Jasad Wang Yue yang baru dua tahun menghirup udara dunia, sudah kembali ke pangkuan bumi. Namun, kisah tragisnya masih beredar di seluruh dunia. Senja 13 Oktober di sebuah pasar grosir di kota Foshan, provinsi Guangdong, China; Yue-Yue begitu putri kecil ini dipanggil, dengan santai berlenggang di jalan kecil menjauhi toko orangtuanya.
Saat Yue-Yue berada di tengah jalan, sebuah mobil van melintas tidak terlalu kencang. Bagian depan van membentur kepala mungil dan menjatuhkannya. Pengemudi van tetap melaju, ban kanan depan mobil menyentuh tubuh Yue-Yue. Pengemudi merasa ‘menginjak’ sesuatu. Ia sempat berhenti sebentar, tetapi kemudian melanjutkan perjalanannya – ban kanan belakang mobil kembali menyentuh tubuh Yue-Yue yang terkapar.
Kamera yang dipasang di pojok atas sebuah toko, tepat menyorot ke jalan, merekam jelas kejadian itu. Selama tujuh menit Yue-Yue menahan sakit, sementara 18 orang yang lalu-lalang di dekatnya tak peduli. Seorang pengendara motor berhenti sejenak, melihat Yue-Yue, lalu menjauh. Bahkan sebuah truk yang melintas di jalan itu, menambah derita Yue-Yue.
Lalu lewatlah seorang wanita pemulung. Ia mendekati Yue-Yue, menggesernya ke tepi jalan, berteriak-teriak menarik perhatian orang-orang sekitar, sampai ibu Yue-Yue berlari keluar dan mengangkat tubuh putrinya.
Seluruh dunia mengecam orang-orang yang menganggap remeh balita yang terbaring tak berdaya di jalan. Seandainya, pengemudi mobil van tidak mengikuti egonya, berhenti dan keluar dari mobil ketika ia merasa roda depan ‘menginjak’ sesuatu, tentu luka Yue-Yue terlalu parah. Seandainya, setelah itu orang yang melintas di jalan segera menolong Yue-Yue, tentu ia tak akan kehilangan banyak darah dan dimangsa truk untuk kedua kalinya.

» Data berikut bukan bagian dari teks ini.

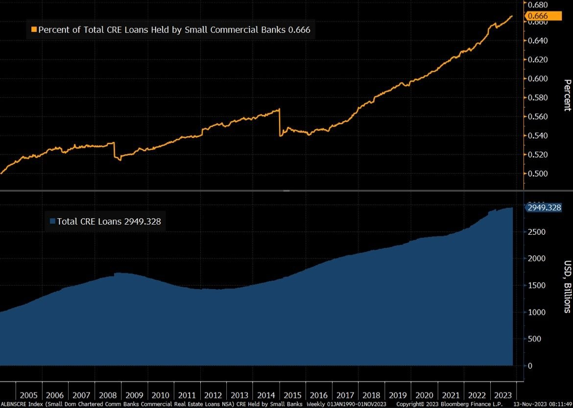 14% CRE loans (commercial real estate), of which 44% office building loans > current market value of the collateral real estate itself.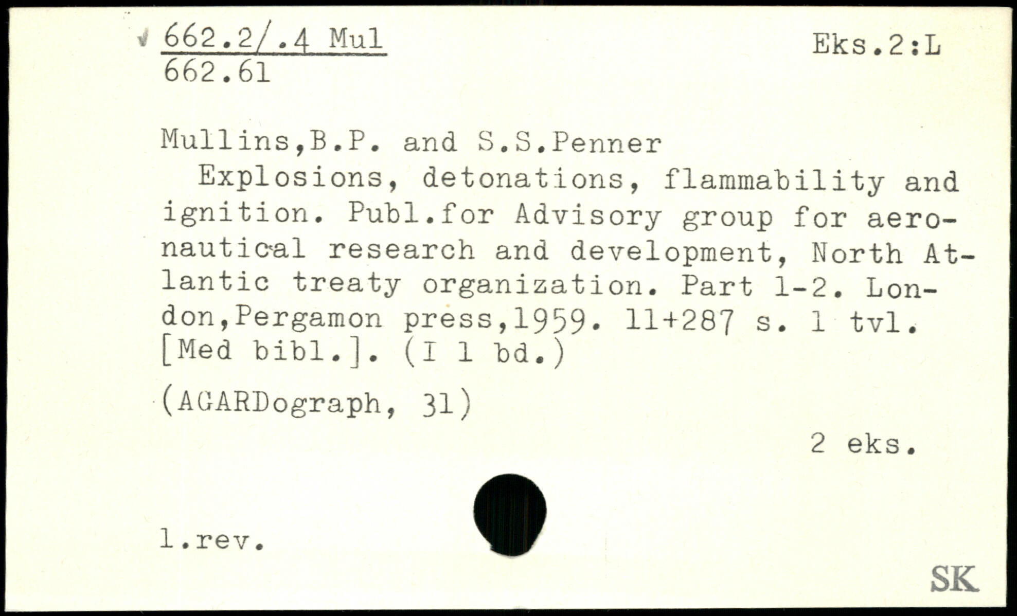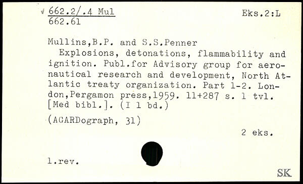 Explosions, detonations, flammability and ignition. Publ.for Advisory group for aeronautical research and development, North Atlantic treaty organization. Part 1-2. Lon- ! don,Pergamon press,1959.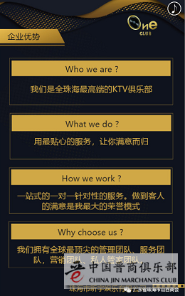 ONE CLUB将致力于高端订制型KTV的领先者,积极打造和完善产业链,努力把ONE CLUB打造成中国高端订制性KTV服务行业的领军品牌。我们不断追求卓越,人才团队的高精尖,发展思维的再拓宽,致力于整合行业资源,创新KTV商业模式,颠覆传统的商经验管理方式,走出一条独属ONE CLUB的订制化模式。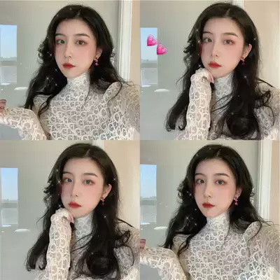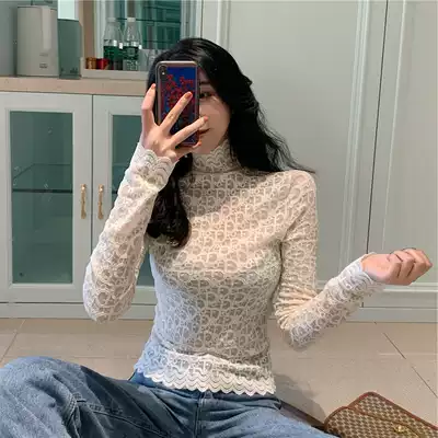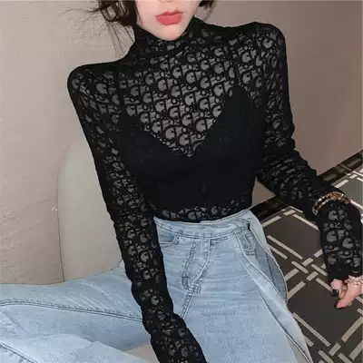 Spring and autumn new semi-turtleneck lace bottoming shirt women's long-sleeved inner exquisite small shirt Western style embroidered hollow top

Dunia menangis. Ke mana hilangnya Hati? Kematian Yue-Yue adalah kematian hati nurani. Manusia semakin egois, belas kasih terkikis habis. Sosok kecil Yue-Yue menggambarkan ketidakberdayaan akan kerasnya dunia. Orang-orang kecil, kaum marginal, kerap jadi santapan gurita dunia.

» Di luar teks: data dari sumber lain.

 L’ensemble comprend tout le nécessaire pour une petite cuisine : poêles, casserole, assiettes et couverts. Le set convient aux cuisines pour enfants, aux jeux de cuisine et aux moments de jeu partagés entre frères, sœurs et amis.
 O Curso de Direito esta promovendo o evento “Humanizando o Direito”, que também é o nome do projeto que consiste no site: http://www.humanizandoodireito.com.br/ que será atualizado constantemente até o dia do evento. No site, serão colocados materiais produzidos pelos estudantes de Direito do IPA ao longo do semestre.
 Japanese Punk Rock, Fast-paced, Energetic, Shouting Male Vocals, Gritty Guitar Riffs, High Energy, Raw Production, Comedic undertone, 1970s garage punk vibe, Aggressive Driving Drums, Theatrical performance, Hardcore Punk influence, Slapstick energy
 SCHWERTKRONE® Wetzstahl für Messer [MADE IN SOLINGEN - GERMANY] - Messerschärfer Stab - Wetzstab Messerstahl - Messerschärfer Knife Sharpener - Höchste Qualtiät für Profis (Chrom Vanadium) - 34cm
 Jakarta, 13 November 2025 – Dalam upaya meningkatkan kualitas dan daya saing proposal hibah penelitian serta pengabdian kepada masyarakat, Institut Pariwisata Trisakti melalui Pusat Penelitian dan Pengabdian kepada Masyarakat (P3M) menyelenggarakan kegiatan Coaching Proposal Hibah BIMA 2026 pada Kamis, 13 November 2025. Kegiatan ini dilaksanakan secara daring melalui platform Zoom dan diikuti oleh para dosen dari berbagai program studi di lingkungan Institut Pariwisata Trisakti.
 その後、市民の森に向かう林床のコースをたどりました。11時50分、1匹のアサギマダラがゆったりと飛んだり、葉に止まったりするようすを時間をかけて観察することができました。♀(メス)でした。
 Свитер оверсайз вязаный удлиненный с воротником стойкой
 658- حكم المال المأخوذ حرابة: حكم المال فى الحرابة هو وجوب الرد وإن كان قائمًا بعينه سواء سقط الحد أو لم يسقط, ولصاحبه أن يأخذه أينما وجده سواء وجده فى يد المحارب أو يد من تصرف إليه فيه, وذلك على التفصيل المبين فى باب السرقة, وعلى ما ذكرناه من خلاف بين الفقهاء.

Mungkin bukan hanya 18 orang, tetapi semakin banyak orang yang acuh tak acuh terhadap berbagai bentuk "korban tabrak lari" dalam arti luas. Jika suatu saat kelak rekaman kehidupan kita dibuka, akankah kita melihat adegan di mana kita melintas di depan penderitaan sesama, kemudian berlalu menjauh?